- Sports Exercise Classification
- Basic exercises
- Isolating exercises
- Basic basic exercises
- Isolating exercises
There are many sports exercises aimed at the study of various muscle groups. They, in turn, are also divided into various subspecies. And in order to achieve the goal when building muscles, the athlete must be able to choose the right exercises.
- 1 Classification of sports exercises
- 2 Basic exercises
- 3 Isolating exercises
- 4 Basic basic exercises
- 4.1 Back
- 4.2 Pectoral muscles
- 4.3 Deltoid muscles (shoulders)
- 4.4 Biceps
- 4.5 Triceps
- 4.6 Feet
- 5 Isolating exercises
- 5.1 Chest
- 5.2 Deltoid muscles
- 5.3 Biceps
- 5.4 Triceps
- 5.5 Feet
Sports Exercise Classification
A variety of exercises can take a novice athlete by surprise. However, the situation is much simpler than it seems. All exercises, without exception, are divided into two large groups: isolating and basic. A clear idea of each group and the exercises included in it gives the opportunity to competently build the training process for absolutely any athlete.
They are multi-joint exercises that are aimed at activating more than one muscle group. They are the "backbone" of strength training, they require a lot of strength during execution. The basic exercises include squats that allow you to work simultaneously with muscles such as the cortex, lower dorsal and posterior femoral regions, buttocks, calves, and quadriceps.
Basic exercises allow you to burn a large amount of calories. They imitate real actions. This allows not only to reduce the risk of injury, as it does not require the athlete to perform unusual body movements, but also helps to develop a higher reaction rate, honing the skill of a particular action.
They are aimed at muscle growth and increase in strength indicators, are recommended for inclusion in the training process for those who begin to engage in strength training. This approach to training saves time. It is enough to include from two to three basic exercises in the training to achieve uniform development of all muscles.
They are aimed at working out only one muscle, that is, with the involvement of a particular joint. They are considered auxiliary and are also called grinding, because they allow you to clearly correct any particular area. An example of an isolating exercise is biceps flexion, in which only biceps works.
Auxiliary exercises are recommended to be performed by advanced athletes who have quite impressive muscle mass. They help solve the problems of muscle imbalance when a certain area is developed more. For example, if the muscles of the right hand have a more pronounced relief than the left. Grinding exercises are often part of therapy for people who, due to certain circumstances, simply cannot work with any muscle groups.

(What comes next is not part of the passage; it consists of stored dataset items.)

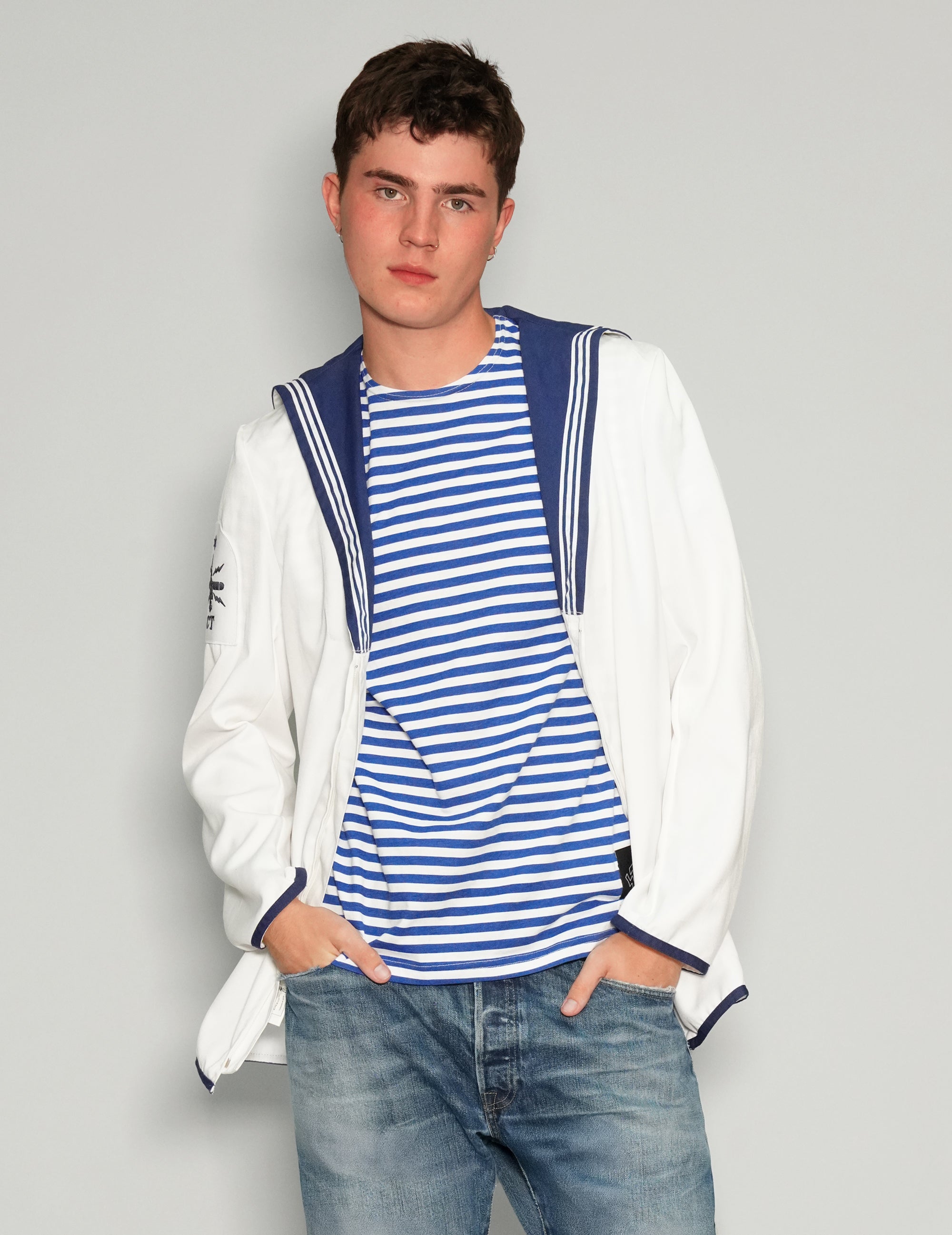This uniform was first worn by the Royal Navy in the 18th century, and eventually popularised by Queen Victoria after dressing her son, Prince Albert Edward, in one that had been made for him aboard the royal yacht.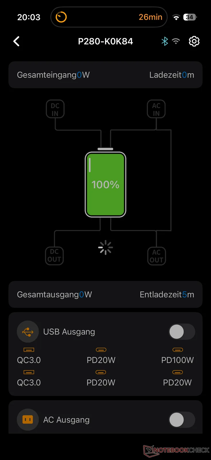 Sommige andere aansluitingen zijn ook "verborgen", maar de USB-poorten onder het scherm niet. Dit geeft informatie over alle belangrijke gegevens, zoals het huidige ingangs- en uitgangsvermogen en welke aansluitingen in gebruik of ingeschakeld zijn. De resterende tijd volgens de huidige belastingsstatus wordt ook weergegeven, hoewel dit naar het einde toe aanzienlijk afweek. De iOS app zou eigenlijk hetzelfde moeten doen - maar laten we het daar maar niet weer over hebben...
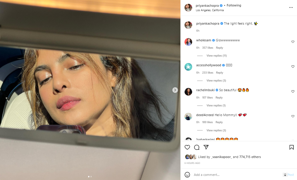 Global star and new mom Priyanka Chopra is acing her carfie game as seen from her latest social media post.
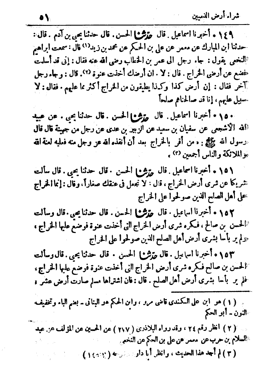 149 - أَخْبَرَنَا إِسْمَاعِيلُ، قَالَ: حَدَّثَنَا الْحَسَنُ، قَالَ: حَدَّثَنَا يَحْيَى، قَالَ: حَدَّثَنَا ابْنُ الْمُبَارَكِ، عَنْ مَعْمَرٍ، عَنْ عَلِيِّ بْنِ الْحَكَمِ، عَنْ مُحَمَّدِ بْنِ زَيْدٍ، قَالَ: سَمِعْتُ إِبْرَاهِيمَ النَّخَعِيَّ، يَقُولُ: جَاءَ رَجُلٌ إِلَى عُمَرَ بْنِ الْخَطَّابِ رَضِيَ اللَّهُ عَنْهُ، فَقَالَ: إِنِّي قَدْ أَسْلَمْتُ , فَضَعْ عَنْ أَرْضِي الْخَرَاجَ، قَالَ: " لَا، إِنَّ §أَرْضَكَ أُخِذَتْ عَنْوَةً " قَالَ: وَجَاءَ رَجُلٌ آخَرُ , فَقَالَ: إِنَّ أَرْضَ كَذَا وَكَذَا يُطِيقُونَ مِنَ الْخَرَاجِ أَكْثَرَ مِمَّا عَلَيْهِمْ، فَقَالَ: " لَا سَبِيلَ عَلَيْهِمْ، إِنَّا قَدْ صَالَحْنَاهُمْ صُلْحًا "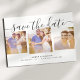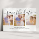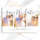 Cartão Postal de Anúncio de Salvar Data com Script de Assinatura e Três Fotos.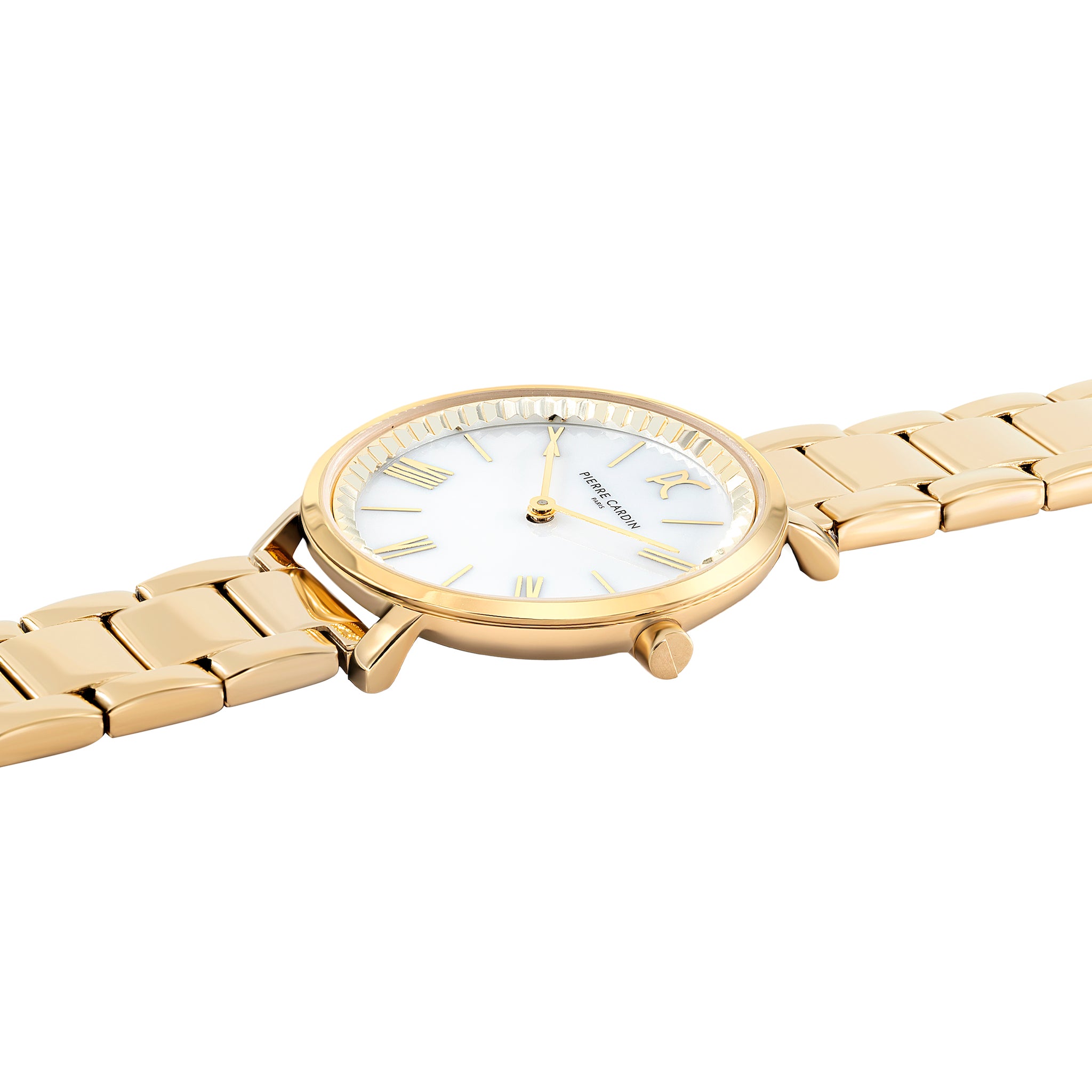 Brochant Mother of Pearl Gold Watch with Metal Link Strap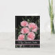 Die Geburtstagskarte wird mit schwarzem Hintergrund und hübsch rosa Nelken angezeigt. Die Karte hat eine spezielle Meldung im Inneren. Passen Sie diese Karte an oder kaufen Sie, wie es ist. Bild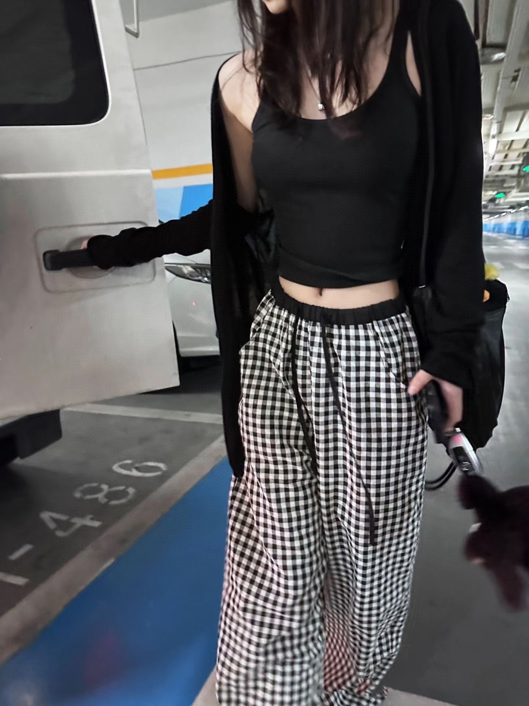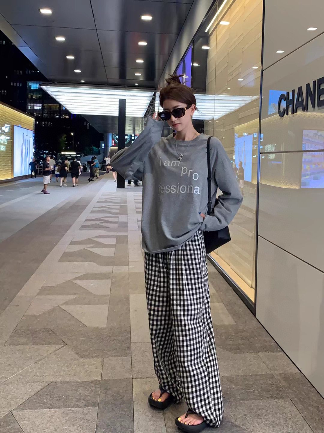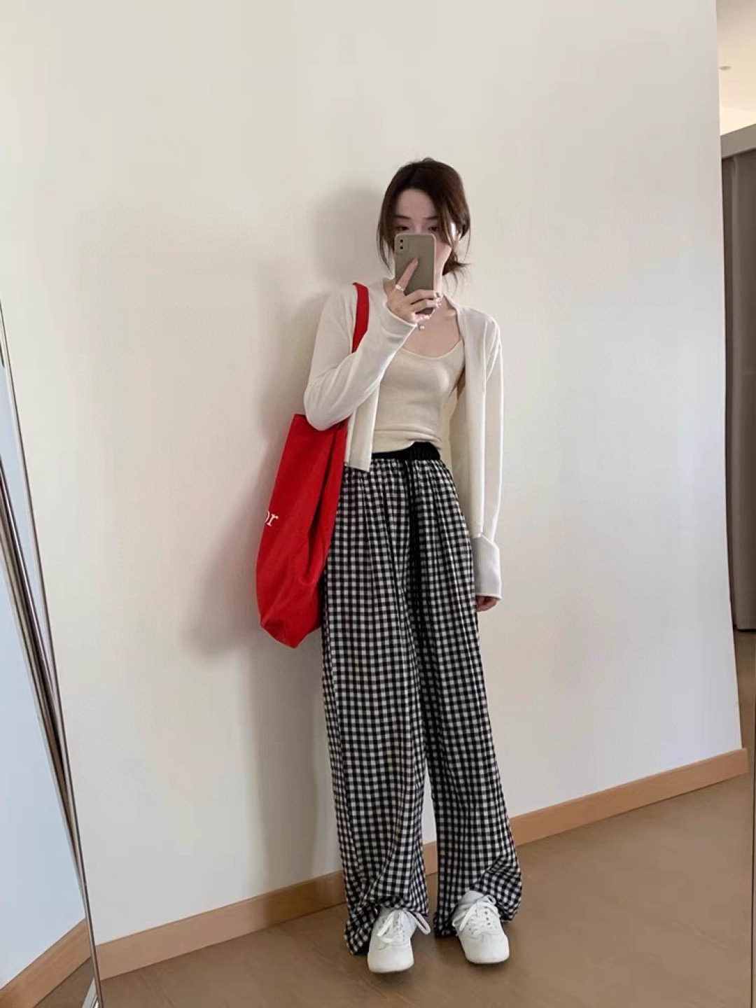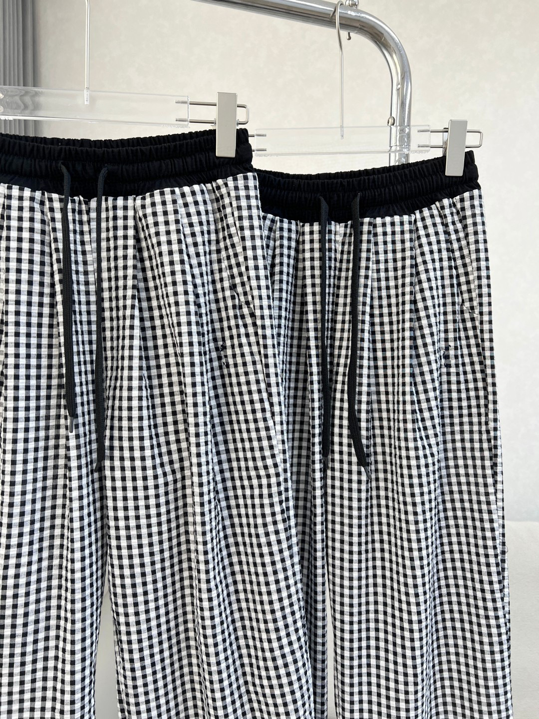 얇은 신축성있는 허리 캐주얼 미국 복고풍 스트레이트 팬츠 느슨한 크로스 보더 세대 헤어 F 자수 말 체크 무늬 바지를 당겨스토어 가기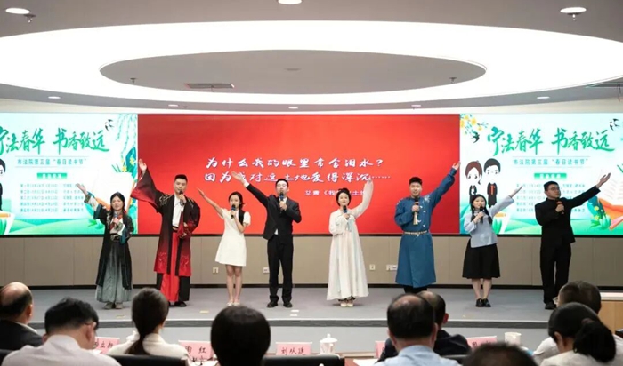 5月10日,南京法院第三届“春日读书节”美文诵读大赛现场,浦口法院8名干警以《诗卷长留家国心》为题,用音诗画串联,在赛场上展现出独特风采,并荣获二等奖。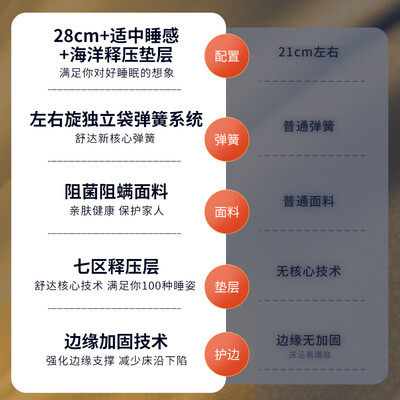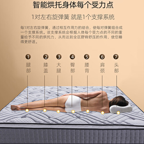 采用科学的七区设计,承托有力赶走一体的疲惫感,享受深度睡眠。独立袋弹簧设计,有效减少噪音的产生,四溢翻身不打扰。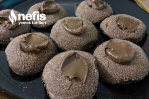 - 180 derece öncede ısıtılmış fırında 20 dk kadar pişiriyoruz. Pişen soğuyan kurabiyelerimize ortasını oyduğumuz kısma nutella sürüyoruz.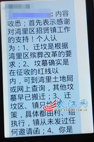 “我們兄妹憤怒的是,整件事情,我們沒有收到一份與遷墳有關的正式文件或者公函,招賢鎮沒有一份蓋公章的文件給我們。”王迪薇說,他們唯一看到的是灣里區農村殯葬改革辦“致廣大村民朋友們的一封信”。王迪薇表示,殯葬改革也好,社會新農村建設也好,整頓市容也好,只要證明是政府行為,他們都支持。王迪薇兄妹想不明白的是“你既然是政府行為,你為什么不發一個公函來?”“我們家后輩眾多,我們要給大家傳真公文,告訴大家‘小家服從大家’。”王迪薇說,遷祖墳的事全家人都非常重視,10個兄弟姐妹都說開舊墳的時候全部都要到場,“現在這個情況,我都沒法跟他們交代。”

Insulating exercises are characterized by high efficiency, they can achieve a significant increase in muscle volume. They are best included in the training before the basic ones are completed, in order to prepare the muscles for the upcoming loads, stimulate the so-called sleeping muscle fibers, and use all the hidden potential.
For a better understanding of the big picture, here is a list of basic and isolating exercises.
Basic basic exercises
- Pull-ups on the crossbar, with and without weights, with different grips;
- Rod draft in a slope (it is obligatory to start with an empty bar after instructing the coach, with a belt);
- Dumbbell draft in an inclination with an emphasis with the other hand on the bench;
- Thrust of the upper block to the chest;
- Horizontal thrust block.
- Deadlift (quite dangerous, but extremely effective exercise, under the supervision of a trainer and with an athletic belt).
- bench press on an inclined bench;
- dumbbell bench press on an incline bench;
- bench press on a horizontal bench;
- bench press on an inclined bench upside down;
- dumbbell bench press on a horizontal bench;
- dumbbell bench press on an incline bench, upside down;
- push-ups on the uneven bars (emphasis on the chest, with and without weights).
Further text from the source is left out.